Last week, popular spin-studio SoulCycle filed for IPO, causing us to investigate the business behind the growing boutique fitness class industry. While we knew SoulCycle was popular, we were surprised by its scale. In 2014, the company earned $25 million on revenues of $112 million across a network of 38 studios in seven cities. The company, which started in 2006 with a 31-bike studio on Manhattan’s Upper West Side, has plans to add up to 250 locations in the coming years.
We were also intrigued by the contrast between SoulCycle’s business model and that of Planet Fitness, a traditional globo-gym that is simultaneously pursuing an IPO. SoulCycle typically charges $30/class, while Planet Fitness charges members a base rate of $10 per month. While some may dismiss SoulCycle as an overpriced service for one-percenters, the company’s widespread success — like many other boutique fitness programs — can be credited to a powerful brand-associated lifestyle that espouses fitness, fun, and spirituality. As explained by the New York Times:
“Its roots extend back a decade, when the chain’s founders, Elizabeth Cutler and Julie Rice, sought to create a new kind of cycling boutique. Unlike traditional workout classes, their company would feature — as described in Thursday’s prospectus — ‘cardio parties’ built around the personality of its instructors, blending high-octane workouts with more meditative elements in a candlelit studio. ‘SoulCycle instructors guide riders through an inspirational, meditative fitness experience designed to benefit the body, mind and soul,’ the company wrote in its prospectus, in a section entitled ‘Our Soul.’ ‘The experience is tribal. It is primal. And it is fun.'”
SoulCycle has built an incredibly strong base of “Soul Evangelists,” who espouse its benefits, proudly wear branded workout gear, and fully book classes within minutes of their opening online. These people also act as grass-roots marketers, enabling SoulCycle to keep a relatively small marketing budget.
The growing popularity of boutique fitness extends beyond SoulCycle. While traditional gyms are seeing stagnant growth, boutique fitness programs are exploding. Today, an estimated 21 million Americans participate in programs such as Crossfit, CorePowerYoga, Barry’s Bootcamp, Pure Barre and Physique57. While these programs are undoubtedly more expensive — clients typically spend $98/month vs. $56/month for traditional health club memberships — clients believe they are getting more than just exercise. The Wall Street Journal explains:
“As exercise routines serve more roles in people’s lives—stress relief, psychotherapy, social outlet, even personal identity—the expense of boutiques becomes easier to justify, their devotees say. Boutique-fitness fans also say they like the fact that most workouts are led by instructors or coaches. Some say they feel a sense of belonging that overrides the fact that they’re spending more for fewer disciplines than what’s available at a health club.”

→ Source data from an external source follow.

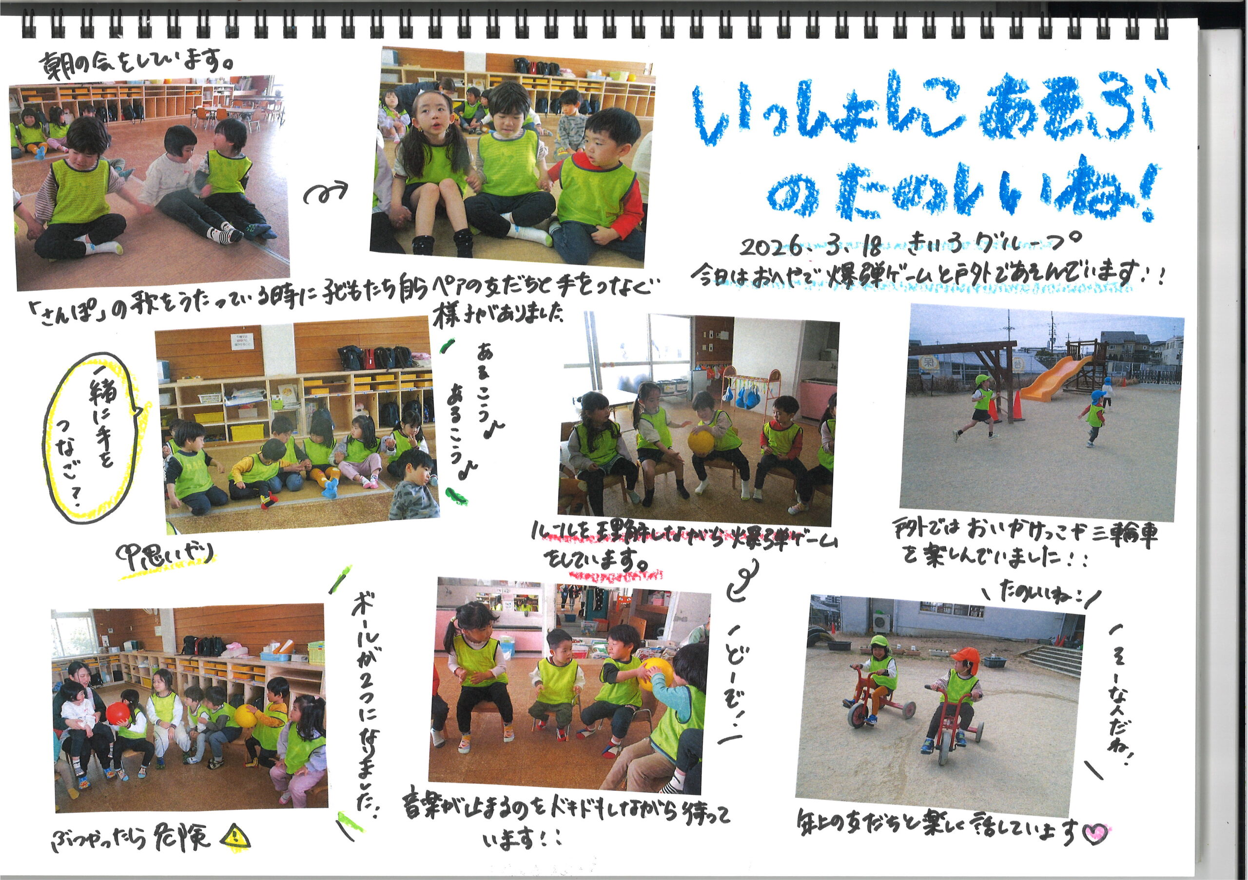 3月18日(水)今日の様子 公開日: 2026年3月18日更新日: 2026年3月18日著者: kabutodaiカテゴリー: 兜台保育園園ブログ ひよこ・りす組 赤グループ 青グループ 黄グループ らいおん組 関連記事 7月28日(月)今日の様子 ひよこ・りすぐみ うさぎぐみ きりんぐみ ぞうぐみ らいおんぐみ 公開日: 2025年7月28日更新日: 2025年7月28日著者: kabutodaiカテゴリー: 兜台保育園園ブログ 5月30日(金)今日の様子 ひよこ組・りす組 うさぎ組 きりん組 ぞう組 らいおん組 公開日: 2025年5月30日更新日: 2025年6月2日著者: kabutodaiカテゴリー: 兜台保育園園ブログ 明けましておめでとうございます 明けましておめでとうございます 今年もどうぞよろしくお願いします。 「おもちたくさん食べたよ」 「お年玉もらってん」 「旅行に行ったよ」 「おじい […] 公開日: 2020年1月8日更新日: 2020年1月9日著者: kabutodaiカテゴリー: 兜台保育園園ブログ
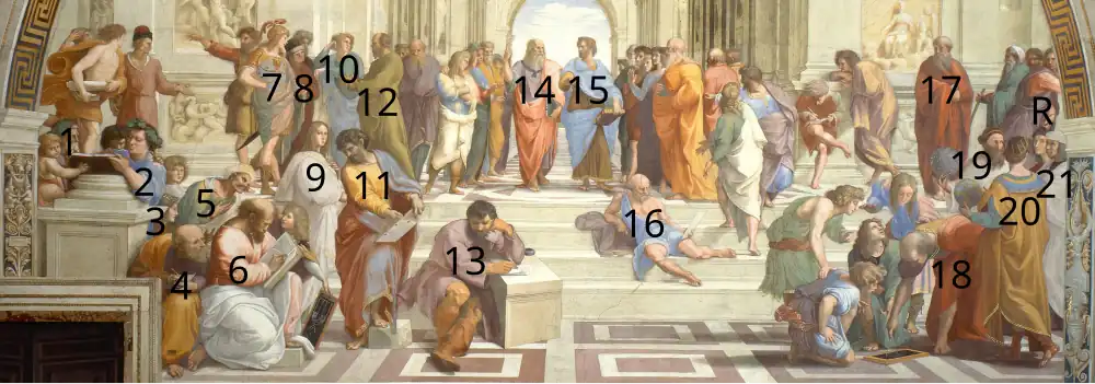 - ↑ The School of Athens, «Who is Who?» Архивная копия от 20 августа 2019 на Wayback Machine, Michael Lahanas, hellenicaworld.com (Дата обращения: 14 октября 2010)
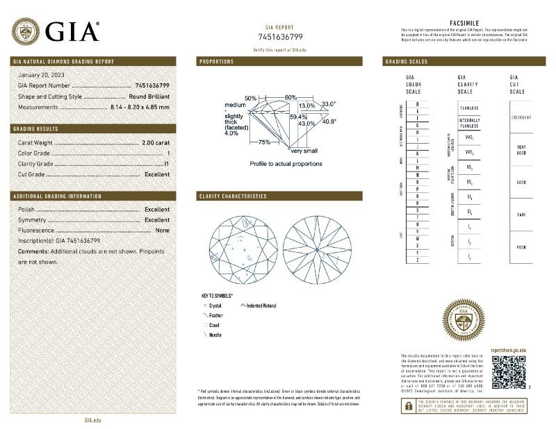 | 2.00 | Round | I | I1 | GIA | 59.4 | 60 | 8.14x8.20x4.85 | Contact Vendor |
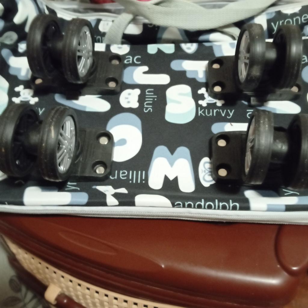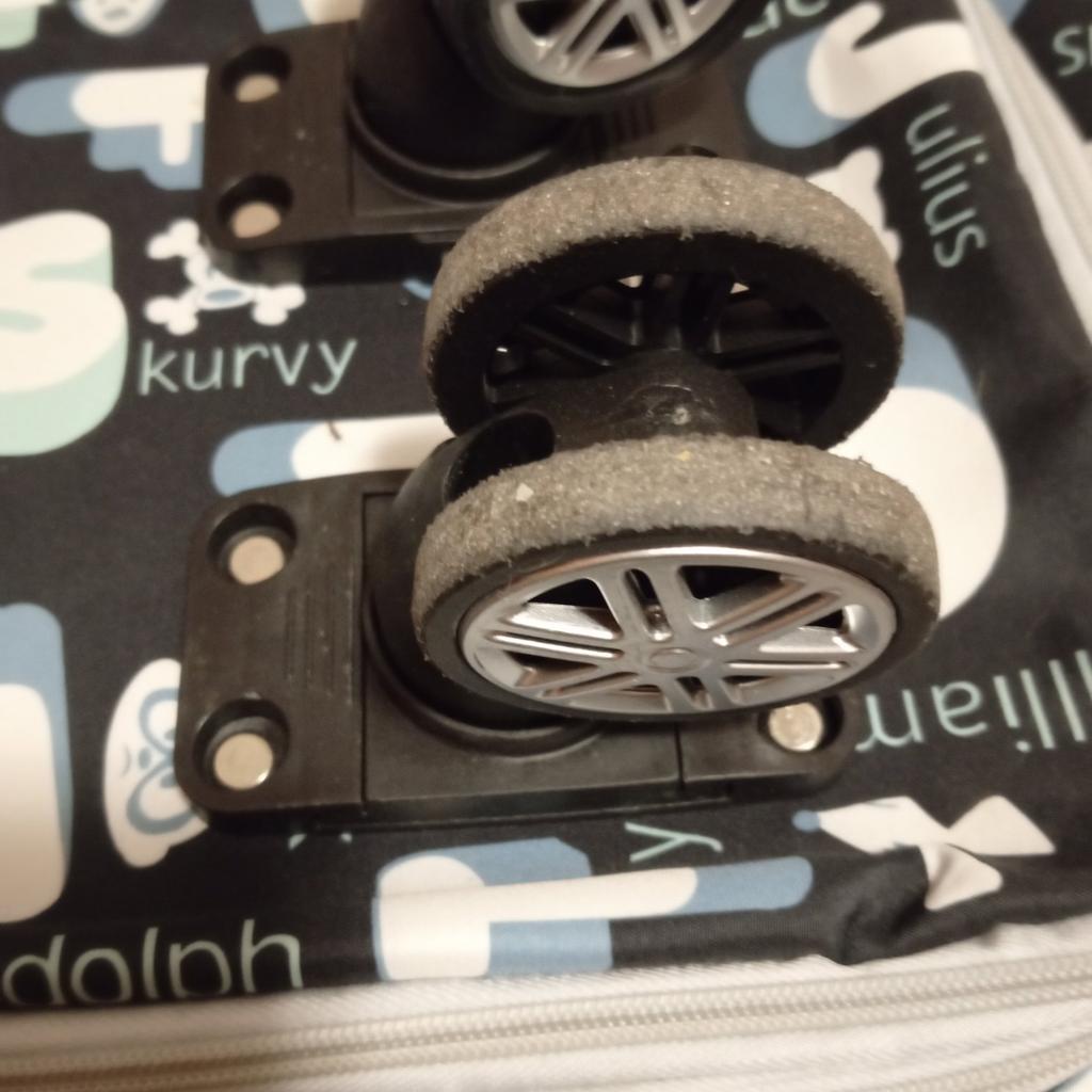 Lett å trekke på hjulene. Kofferten ruller, angående støy kan jeg ikke si noe ennå - har rullet den på parkett))) Håper de ikke skuffer i bruk, og at hjulene holder litt lenger. Og de er så søte, oransje)))) Takk skal du ha)

At first glance, it’s easy to dismiss these fitness programs as serious business. However, the dynamics underlying these business models are powerful, and their value proposition is clearly hitting a chord in today’s market. As a result, these programs are experiencing impressive growth, high customer retention rates, and strong margins. To us, it is a great reminder that there’s always room for business success for those who can address a need and add value to their customer base.